None of these proposals are new and so far they have been non-starters for a variety of reasons.  Each proposal deserves a blog post of its own but in summary

(1) mandatory legal malpractice insurance would benefit the public but would be very complicated and expensive to set up and maintain;

(2) random client trust account audits probably would have some in terrerom effect in discouraging misappropriation but will be labor intensive and raise privacy concerns (see Valley National Bank.) There is also some question whether OCTC has the statutory authority to do random audits;  as OCTC’s liasion with COPRAC in 2000 , I asserted that position and was met with some skepticism;

(3) the Supreme Court has rejected attempts to read Rule 4-100 as requiring unearned advanced fees to be placed in trust (Baranowski) and rejected the last attempt to amend 4-100 to explicitly require it.  

These proposals all merit reasonable discussion.  Almost certainly though, the Chief Trial Counsel will weigh in with her own ideas about enhancing public protection and I can hope that these will not ignore the interests of the members of the State Bar of California and place efficiency ahead of fairness.

The Mindful Lawyer

I had a head full of ideas

That were driving me insane

— Bob Dylan “Maggie’s Farm”

A mind might be a terrible thing to waste but for lawyers overuse is the greater danger.  Most of what we do involves a degree of mental effort, even the more drudgerous tasks.  Legal research often involves hours of focusing on the driest of material, looking for an elusive thread of hope amid the dust of otherwise forgotten controversies, and document review can seem like living death.  Trial presents its own different Hell, not being able to think quickly enough to parry some thrust from opposing counsel, or to keep the judge or jury from going south.

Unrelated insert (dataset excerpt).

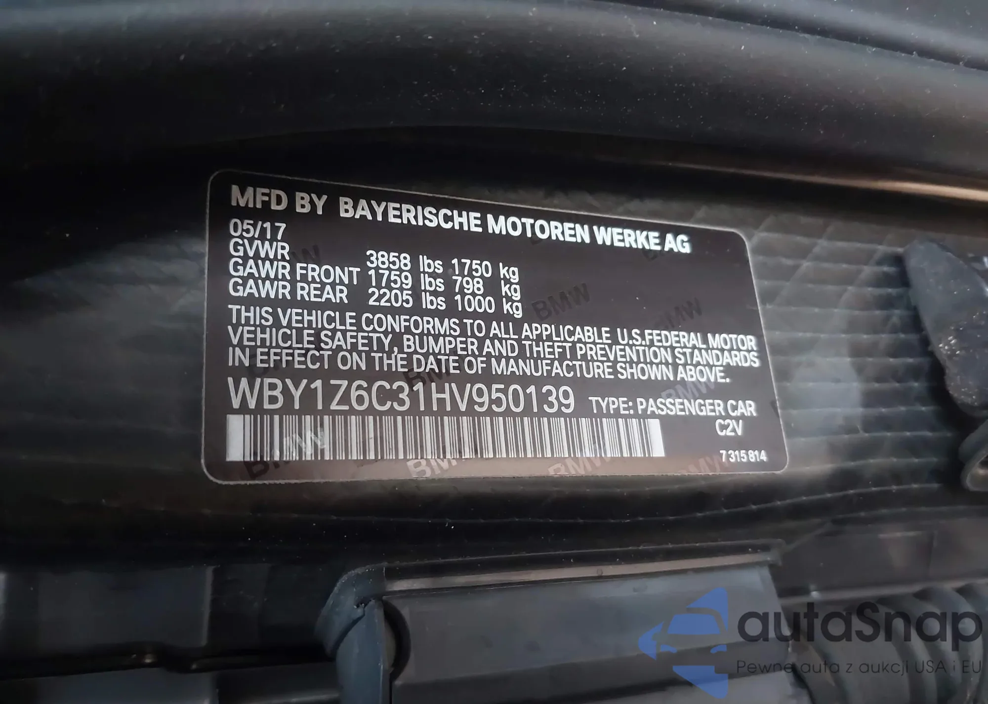 Автомобиль BMW i3 2017 (VIN WBY1Z6C31HV950139) имеет документы, препятствующие регистрации. Могут возникнуть сложности при экспорте и регистрации. Обратитесь к экспертам AutaSnap для поиска альтернатив.

We are used to sweating about the details.  And understand the consequences when we don’t sweat hard enough.   Pessimism is part of what we do;  figuring out worst case scenarios for people or institutions, helping them evaluate risks, guiding them toward choosing the best options.   It’s stressful but we eat stress for breakfast! Tiger Lawyer would understand.

There is no doubt that the combination of intense mental effort required and the stress involved in most areas of law practice is not healthy for the people we call lawyers.  Not healthy for mind, body or soul.   Part of what seems a new acceptance of this reality was apparent at the recent meeting of the Association of Professional Responsibility Lawyers in San Francisco.  Scott Rogers and Prof. Jan Jacobwitz of the University of Miami presented their work on teaching mindfulness to law students.  Mindfulness refers to the practice of living in the present moment, an ancient discipline that finds validation in modern neuroscience and psychology to an audience of ethics lawyers.

APRL members are somewhat notorious for sharing their views, sometimes quite vocally and there might have been a time when this presentation would have been a little too far, even for the Left Coast.  But the people in the room, the people who are the lawyers’ lawyers got it.  They see the problems first hand, in minds, bodies and souls of the people that make up the profession.

Lawyers as a group are cocksure, often to a fault.  The stereotype of lawyers as arrogant and self-absorbed is a staple of popular entertainment.  But the slow realization that the bubble years are over has shaken off some of that old attitude, and the next generation of entering lawyers will shake off a lot of the rest.  Lawyers will have to get used to living in a world where they aren’t so special any more.

Jacobwitz and Rogers understand that the next generation of lawyers will need a different mindset to succeed, a mindset built on the reality of risk.   Mindfulness, the ability to focus on the here and now, is a skill that can be taught, and it will be regarded as a natural part of a lawyer’s toolkit.  But the greater benefit will be to enable a younger generation of lawyers a better life.   Mindfulness can only help the repudiation of the dehumanized lawyer as a role model.